The protectionist response is therefore wholly unsurprising.

By luck rather than design, Britain is less exposed to this self imposed process of product obsolescence than any of the other major European economies, having run down its mass production auto industry decades ago, and therefore has less to lose and more to gain from the cheap – and no doubt subsidised – consumer prices that China has to offer.

Even so, the protectionist instinct runs deep. Downing Street is coughing up £500m to keep a bastardised version of the Port Talbot steel works open, justified on the basis that for strategic reasons alone we need some remaining steel capacity.

Why? Steel is massively oversupplied globally, and there are multiple different producers internationally from which to choose.

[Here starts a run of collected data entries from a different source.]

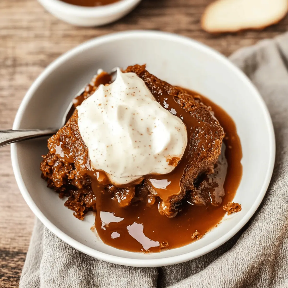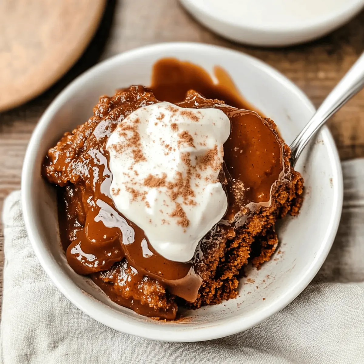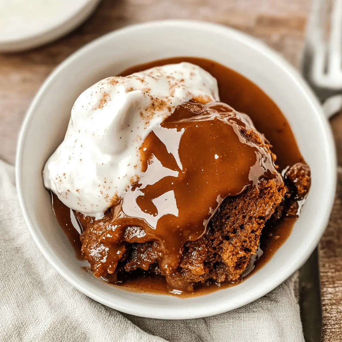 Jump to Recipe Print RecipeAs the scent of warm spices wafts through my kitchen, I can’t help but feel transported to holiday celebrations filled with laughter and love. This Easy Homemade Gingerbread Pudding Cake is my go-to dessert during this magical time of year, effortlessly blending the flavors of ginger, cinnamon, and molasses into a moist, comforting treat. What makes it even better? It creates its own caramel sauce right while it bakes, offering a sweet surprise with each bite. Perfect for novice bakers, this delight promises a crowd-pleasing finish in just 50 minutes—a fantastic way to savor the holiday spirit without the stress. Ready to indulge in a slice of nostalgia that warms your heart? Let’s get baking! Why is Gingerbread Pudding Cake So Special? Warm, Inviting Flavors: The combination of ginger, cinnamon, and molasses brings a sense of nostalgia, making every bite a cozy experience perfect for the holidays. Magically Moist: This cake bakes to fluffy perfection and creates its own luscious caramel sauce, combining two delightful textures in one dish. Easy to Make: With simple ingredients and straightforward steps, even beginner bakers can nail this dessert. Crowd-Pleasing Delight: Serve it warm with a scoop of ice cream or a dollop of whipped cream for an unforgettable finish. Versatile Variations: Feel free to customize with ingredients like cranberries or swap in almond milk for a dairy-free option. Try pairing with delightful treats like Honey Cheesecake Salted or the comforting Zucchini Coffee Cake for a perfect dessert spread! Gingerbread Pudding Cake Ingredients For the Cake All-purpose flour – Creates a sturdy base; can substitute with gluten-free flour for a gluten-free option. Baking powder – Ensures the cake rises beautifully for that light and fluffy texture. Salt – Enhances all flavors and balances the sweetness perfectly. Granulated sugar – Sweetens the cake; try swapping it with brown sugar for a richer flavor. Ground cinnamon – Infuses warmth into the cake; feel free to add extra for a spicier kick. Ground ginger – The star spice that gives gingerbread its distinctive flavor; doubling it deepens the taste. Molasses – Adds moisture and that signature gingerbread richness. Unsweetened applesauce – Keeps the cake moist and adds a hint of natural sweetness; can be a pureed pumpkin substitute. Vegetable oil – Ensures a tender cake; can be switched for canola or olive oil. Milk – Moisturizes the batter; swap for almond or coconut milk to make it dairy-free. Vanilla extract – Adds a wonderful depth of flavor; optional but recommended. For the Topping Brown sugar – Creates a luscious caramel-like flavor; choose light or dark based on preference. Apple cider – Essential for that mouthwatering caramel sauce; never use vinegar! Apple juice can be a handy substitute. Water – Helps in forming the magical topping sauce that pools at the bottom. Dive into this Gingerbread Pudding Cake and let those comforting flavors brighten up your holidays! Step‑by‑Step Instructions for Gingerbread Pudding Cake Step 1: Preheat Your Oven Begin by preheating your oven to 350°F (175°C). This step is crucial as it prepares the environment for the Gingerbread Pudding Cake to bake evenly and rise properly. Once the oven reaches the desired temperature, gently grease an 8×11-inch baking dish with butter or non-stick spray, ensuring an easy release once baked. Step 2: Combine Dry Ingredients In a medium bowl, whisk together the all-purpose flour, baking powder, salt, granulated sugar, ground cinnamon, and ground ginger. This mixture forms the dry base of your cake, so be sure the ingredients are well combined. Continue mixing until there are no visible clumps, creating a uniform blend that will help the gingerbread rise beautifully. Step 3: Mix Wet Ingredients In a large bowl, combine the unsweetened applesauce, milk, vegetable oil, molasses, and vanilla extract. Stir these ingredients together until they are fully blended and smooth, creating a moist base for your Gingerbread Pudding Cake. The golden hue of the molasses should incorporate well, highlighting the mixture’s luscious consistency. Step 4: Combine Wet and Dry Mixtures Gradually add the dry mixture to the wet ingredients, folding the ingredients together until just combined. Be careful not to over-mix; a few lumps are perfectly fine. You’ll notice the batter thickening beautifully, ready for the next step in creating your comforting dessert. Step 5: Pour Batter into Dish Pour the batter into the greased 8×11-inch baking dish, spreading it evenly with a spatula. This should create a smooth surface to bake against, which is essential for that perfect rise and consistent texture. Set your baking dish aside as we prepare the delightful topping for the cake. Step 6: Prepare the Topping In a separate bowl, mix together the brown sugar, granulated sugar, and a sprinkle of ground cinnamon. This topping will create a caramel-like flavor and texture as the cake bakes. Sprinkle the mixture evenly over the cake batter, ensuring every bite is sweet and flavorful. Step 7: Add Liquid for Caramel Sauce Carefully pour the apple cider and water over the topping mixture without stirring. This magical step allows the liquids to seep through to the bottom, creating a luscious caramel sauce as the Gingerbread Pudding Cake bakes. Make sure to cover all the sugar but let it remain untouched on top of the batter. Step 8: Bake Place the baking dish in the preheated oven and bake for 40 minutes, or until the center is set. During this time, your kitchen will be filled with the warm, inviting aroma of gingerbread. Check for doneness by inserting a toothpick in the center; it should come out clean when the cake is perfectly baked. Step 9: Cool Before Serving Once baked, remove the dish from the oven and let the cake cool for 5-10 minutes. This short cooling period allows the flavors to meld and the cake to set, mak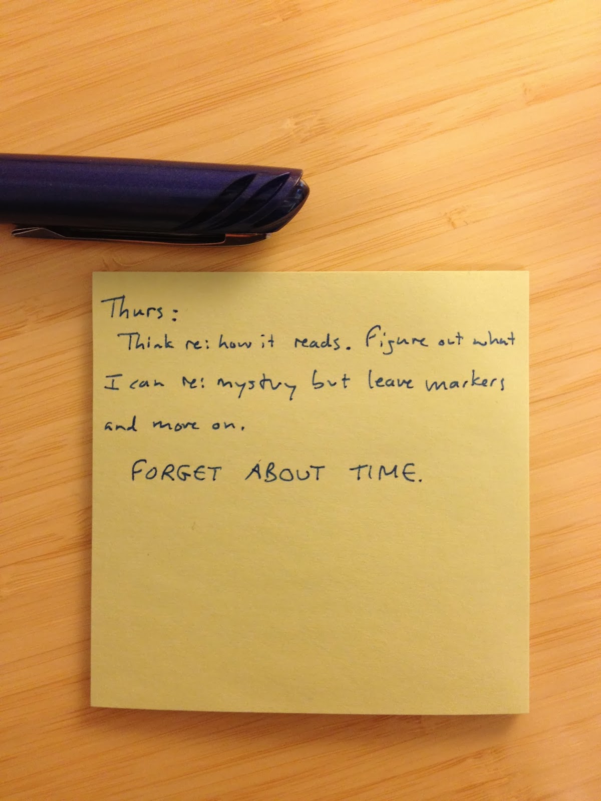 TIME" -- because dwelling on how infernally long a revision is taking does me no good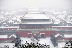 北京普降大雪,纷飞瑞雪把北京故宫打扮得银装素裹 大雪中的鸟巢 大雪中的北京前门商业区 大雪中的德胜门更加美丽 鸟巢外的河面,游客在露出冰面玩耍,摔跤连连...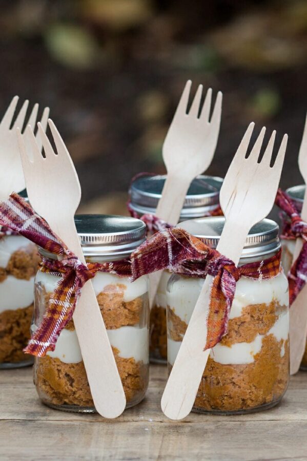 - Tie a wooden fork around the top of each jar with a strip of fall fabric.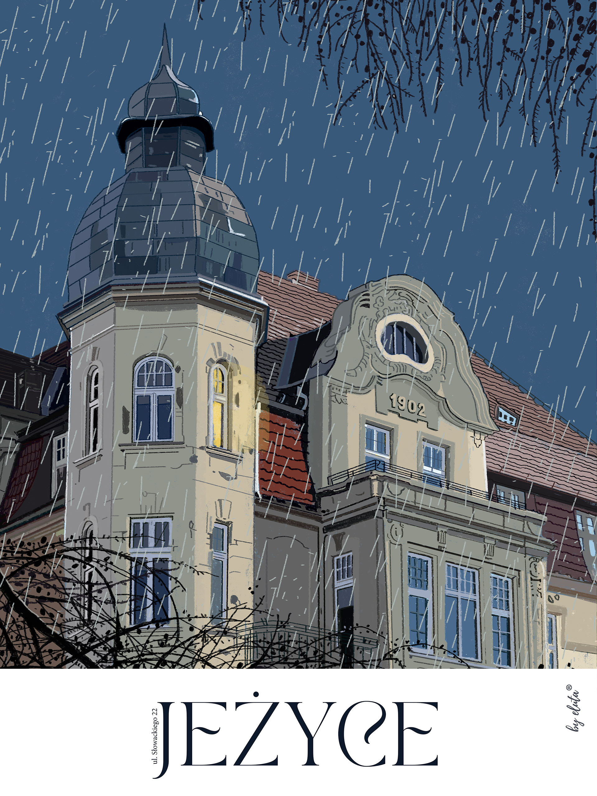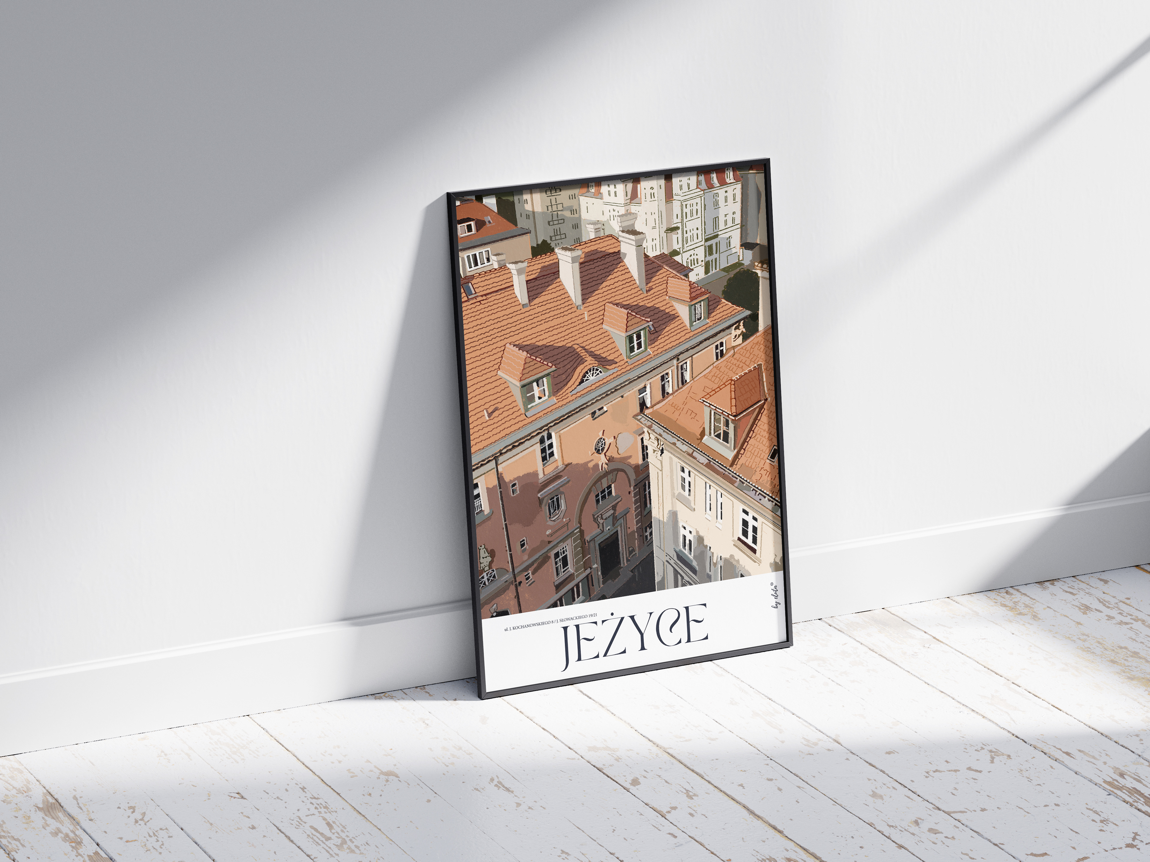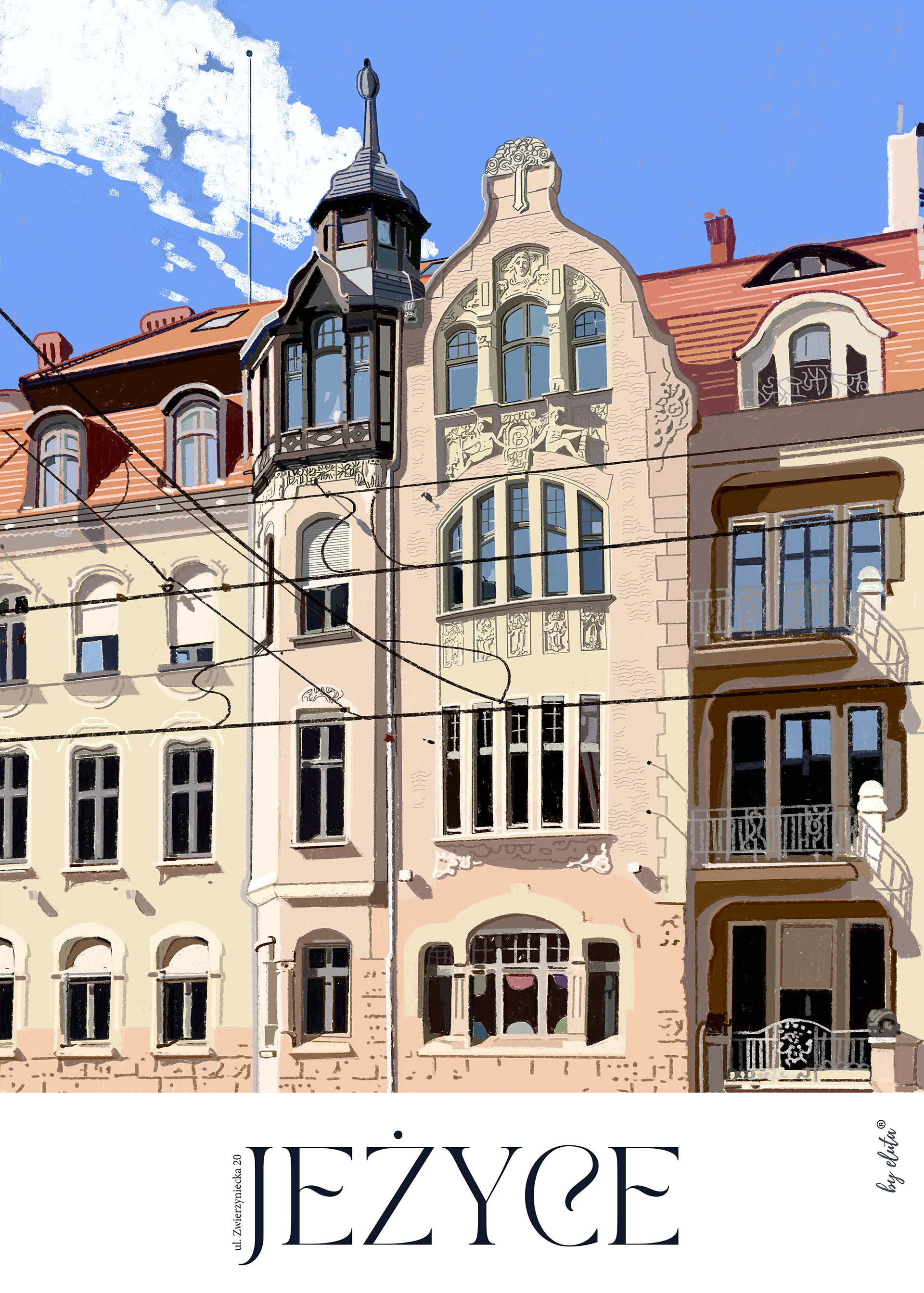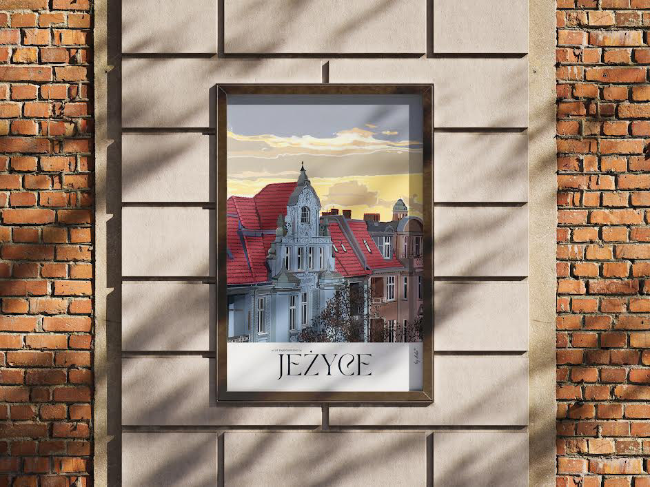 1 kwietnia 1900 roku Jeżyce, Łazarz oraz Wilda - dotąd wsie - zostały przyłączone do Poznania i stały się jego dzielnicami. W 2025 roku przypadła 125 rocznica tego wydarzenia. Jako mieszkanka Jeżyc (od 20 lat), ilustratorka oraz właścicielka mieszkania z balkonem, z którego rozciąga się widok "za milion" :-) - na piękną kamienicę ze smokami oraz poznańskie niebo - wpadłam na pomysł, aby zilustrować najpiękniejsze budynki tej dzielnicy. W planach mam stworzenie kalendarza oraz mapy dzielnicy z trasą po wszystkich zilustrowanych obiektach. Do tej pory regularnie, co miesiąc, powstawała ilustracja kolejnej kamienicy. Plakat w formacie 50x70 cm drukowany jest w technice fine art i wieszany na mniej więcej miesiąc w zewnętrznej gablocie zaprzyjaźnionej kwiaciarni, w centrum dzielnicy, aby mieszkańcy mogli oglądać ją bez ograniczeń. Wydruki w formacie 50x70, 30x40.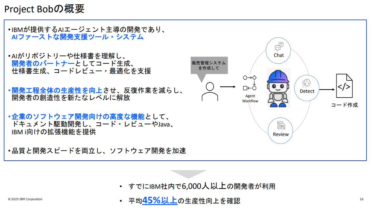 特に注目を集めたのは、AIエージェントが要件定義からコード生成、レビューまでを自律的に支援する開発ツール「Project Bob」の詳細だ。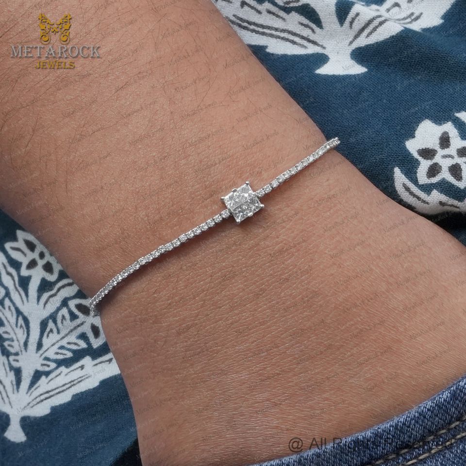 Nombre del brazalete:Diamante Tenis Brazalete 14K Blanco Oro Joyería

Free trade is not just a time-honoured route to economic prosperity, but because both sides have so much to lose, is also a potent guarantee of peace between nations.

Of course, free trade also needs to be fair trade, or it becomes a source of friction.

As the Chinese economy collapses in on itself, expect it to start exporting its deflation by dumping its excess production on the rest of the world, adding to current trade tensions and further bolstering calls for protectionist measures.

As I say, I don’t like historical parallels, but isn’t this pretty much what happened in the 1930s?